For Tarr, given this fundamental precariousness, nothing is more dangerous and contagious than despair. A spark of despair can turn the world to ash in Tarr’s universe, and much of his late work charts the slow, creeping, apocalyptic arc from uncertainty to apathy to despair. Walking, of course, features prominently in Tarr’s films. Walking and weather. Long chunks of screen time are given over to characters laboriously battling brutal wind, one step at a time. For Tarr, this functions both as a realistic depiction of life, and as a simple, visceral metaphor for it. Without faith or purpose, one must trudge on. There is no redemption to be found in Tarr’s vision, not even the kind Camus finds in the Sisyphus myth. Sisyphus could be happy because he knew his fate and so he could accept it. We, on the other hand, don’t know what’s in store for us from one step to the next, never mind beyond that, though all indications suggest things will get worse and worse . The tedium is always fraught with the likelihood of catastrophe. But we must go on regardless, for as long as we can, because, of course, it is not up to us in the end.
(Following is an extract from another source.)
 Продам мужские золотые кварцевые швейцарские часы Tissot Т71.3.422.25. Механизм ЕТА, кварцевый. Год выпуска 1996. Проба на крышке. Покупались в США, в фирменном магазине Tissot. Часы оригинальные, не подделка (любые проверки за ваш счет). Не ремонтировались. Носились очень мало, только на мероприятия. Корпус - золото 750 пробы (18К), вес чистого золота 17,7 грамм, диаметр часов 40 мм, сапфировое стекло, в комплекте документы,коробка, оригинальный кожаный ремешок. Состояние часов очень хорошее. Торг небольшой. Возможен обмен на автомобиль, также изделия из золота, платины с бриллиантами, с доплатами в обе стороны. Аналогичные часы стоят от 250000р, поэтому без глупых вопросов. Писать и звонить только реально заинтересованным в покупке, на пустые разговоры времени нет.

Tarr’s vision aligns well with Beckett’s famous last words in The Unnamable ( “in the silence you don’t know, you must go on, I can’t go on, I will go on.”). However, Tarr counters the misleadingly triumphant tenor the phrase can take on when presented, as it often is, as a kind of epigram for Beckett’s worldview: to go on is no feat to be applauded, it is not even necessarily desirable, it is simply the burdensome fundamental condition of existence. Both Tarr and Beckett are artists of purgatory, and their differences have less to do with perspective than medium. Writing, for Beckett, mirrors interiority, speaks of wrestling with the seemingly useless, unrelenting, confounding experience of consciousness. The cinema, for Tarr, stages exteriority, observes the mysterious, interdependent relationships between unknowable beings (human or animal) and the seemingly indifferent world that they inhabit and that dictates the confines of their existence.
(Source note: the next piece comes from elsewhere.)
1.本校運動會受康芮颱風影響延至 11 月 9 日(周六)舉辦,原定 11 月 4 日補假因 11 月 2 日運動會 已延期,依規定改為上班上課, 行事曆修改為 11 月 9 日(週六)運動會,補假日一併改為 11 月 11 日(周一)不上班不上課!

Tarr refuses to stage a satisfying apocalyptic finale. In Tarr’s films, even the apocalypse is robbed of its grandiosity and finality, is rendered provisional and uncertain. Every moment is apocalyptic, headed inevitably toward the end, and yet no end arrives. The seventh day is never shown in the film. On the one hand, there is no need to show it. Rationally, we know what will happen. The village is gone. Everyone has vanished. They have no water. Fire won’t burn. At the end of the sixth day, Ohlsdorfer and his daughter sit at their table in darkness, each trying to force down a raw potato. And yet, we see them. In the last shot of his career, Tarr gives us light where there is none. This can hardly be viewed as an uplifting gesture of hope, as it allow us only to witness inevitable suffering longer than we would otherwise be able to. Nonetheless, there is something modestly, even bleakly, affirmative in this simple final gesture, which attests to Tarr’s refusal to deflect uncomfortable truths with a spectacle of finality he doesn’t believe in.